The Fed hiked its benchmark overnight interest rate in December for the first time in nearly a decade.
In a third report, the Labor Department said its producer price index dropped 0.2 percent last month on lower energy and food costs, after edging up 0.1 percent in January.
In the 12 months through February, the PPI was unchanged after falling 0.2 percent in January. It was the first time since January 2015 that the year-on-year PPI did not decline.
A key measure of underlying producer price pressures that excludes food, energy and trade services rose 0.1 percent last month after advancing 0.2 percent in January. The so-called core PPI was up 0.9 percent in the 12 months through February, the largest gain since July 2015.
“These increases argue against the idea that deflation risks are spilling over into the U.S. economy,” said John Ryding, chief economist at RDQ Economics in New York.
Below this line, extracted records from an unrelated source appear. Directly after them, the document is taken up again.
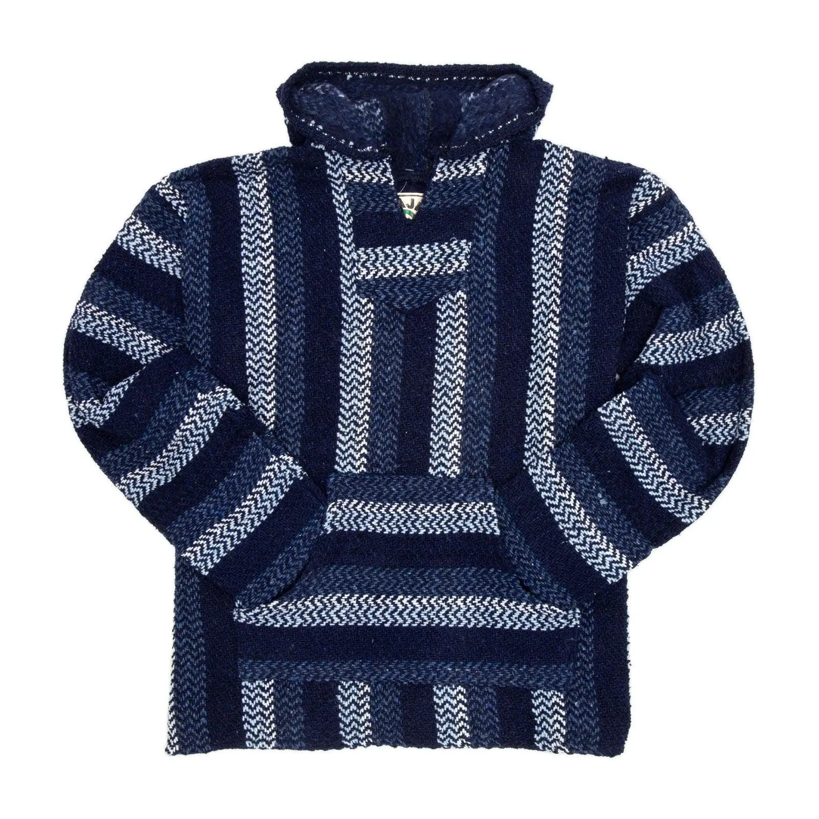 The classic stripe baja gets a modern color update! Whether you call it a Baja, Jerga, or Drug Rug, this is an essential item for all hippies. Super comfy and loose fitting, our bajas feature a large hood and front hand-pocket. And, as if you didn’t have enough reasons to love them, they are made with 100% recycled eco-yarns so they are environmentally and vegan friendly.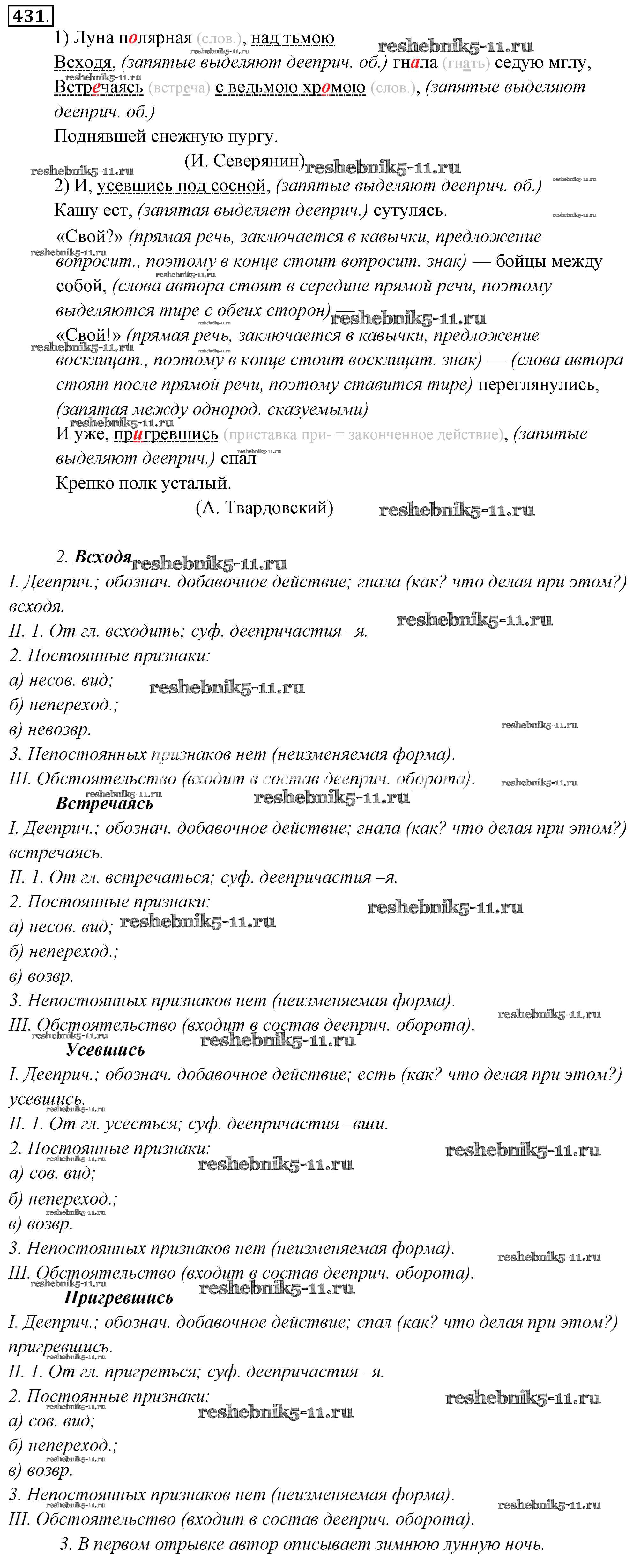Готовая домашняя работа с ответами по Русскому языку за 6 класс Львова, Львов Учебник Часть 1, 2 Мнемозина 2013 ФГОС - Упражнения 431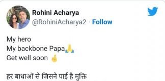ICU में लालू….तस्वीर शेयर कर इमोशनल हुई बेटी रोहिणी. लिखी पापा मेरे हीरो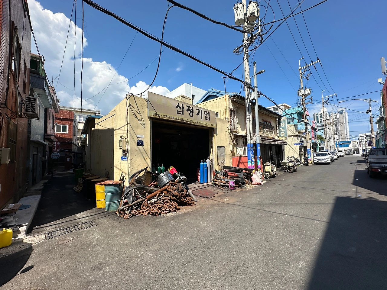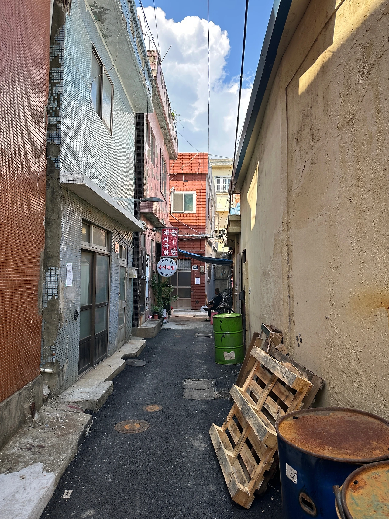 지난번에 문이 닫혀 못 먹었던 옥이네에 갔다. 돼지국밥집인데 물회를 한다. 둘 다 먹어보고 싶은데 50대의 위장으론 혼자서 불가능하다. 그래서 함께 먹어야 단단해진다는 말이 있나 보다. 한때는 두드려대는 망치질로 하루 종일 깡깡댔을테지만 조선소가 거의 사라져서인지 한낮의 태양빛만 쨍쨍하다. 선박 관련 공구를 제작하는 공장들 사이, 좁은 골목안에 있다. 지금보다 더 많은 공장들이 한창 깡깡대던 시절에 낮에는 구내식당을 겸하고, 퇴근 후엔 소주와 막걸리로 한낮의 고된 노동을 풀던 이런 식당이 제법 있지 않았을까?
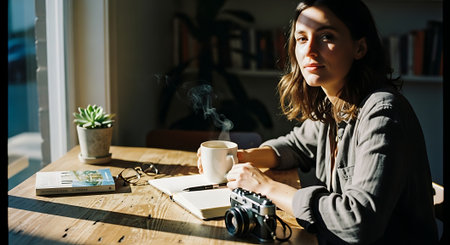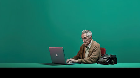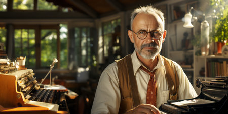 Warm, nostalgic scene depicting a writer using an old-fashioned typewriter in a room bathed in sunlight. Generative AI
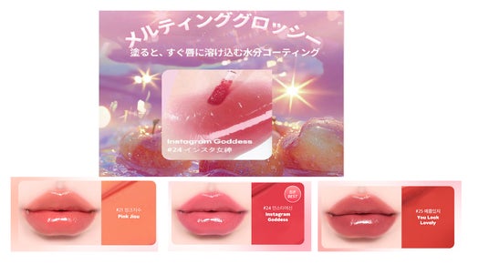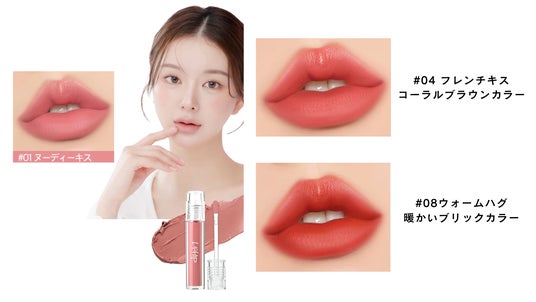 最大の特徴:唇に触れた瞬間広がるウォーターティントの潤い感とベルベットの柔らかさ、水を含んだように輝く光彩カラー、綺麗でグロッシーなデイリーカラーを演出
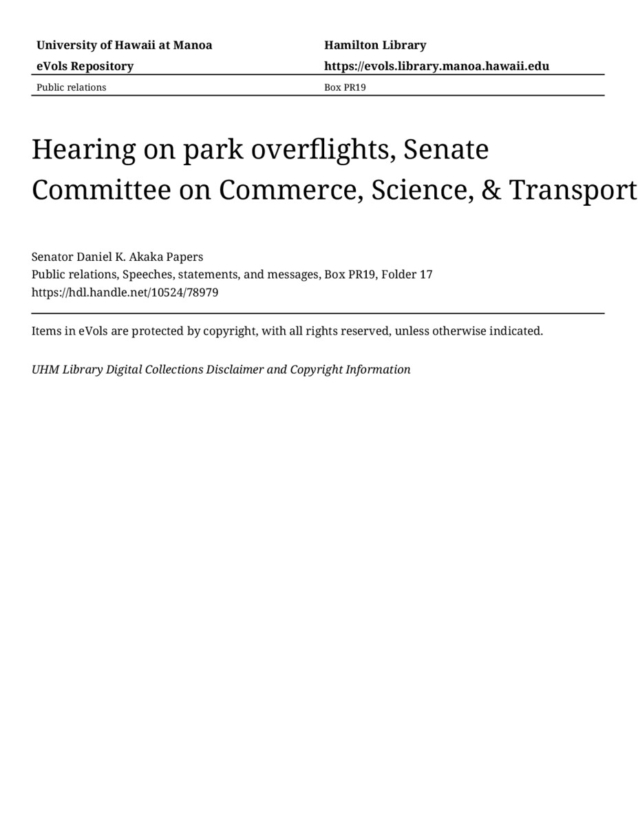 - Hearing on park overflights, Senate Committee on Commerce, Science, & Transportation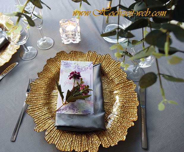 Wissenswert: Neben Platztellern können Sie bei uns auch das dazu passenden Essbesteck und die Gläser mieten, um ihre Hochzeitstafel optisch perfekt aufeinander abgestimmt zu gestalten.

Retail sales last month were weighed down by a 4.4 percent drop in the value of sales at service stations. Gasoline prices dropped 9 percent in February, according to the U.S. Energy Information Administration.
Auto dealerships, furniture retailers and electronics and appliance stores all had lower sales. But there were some pockets of strength, with sales rising at clothing stores and building materials and garden equipment merchants.
Receipts rose at restaurants and bars as well as at sporting goods and hobby stores, showing that consumers still have an appetite for discretionary spending.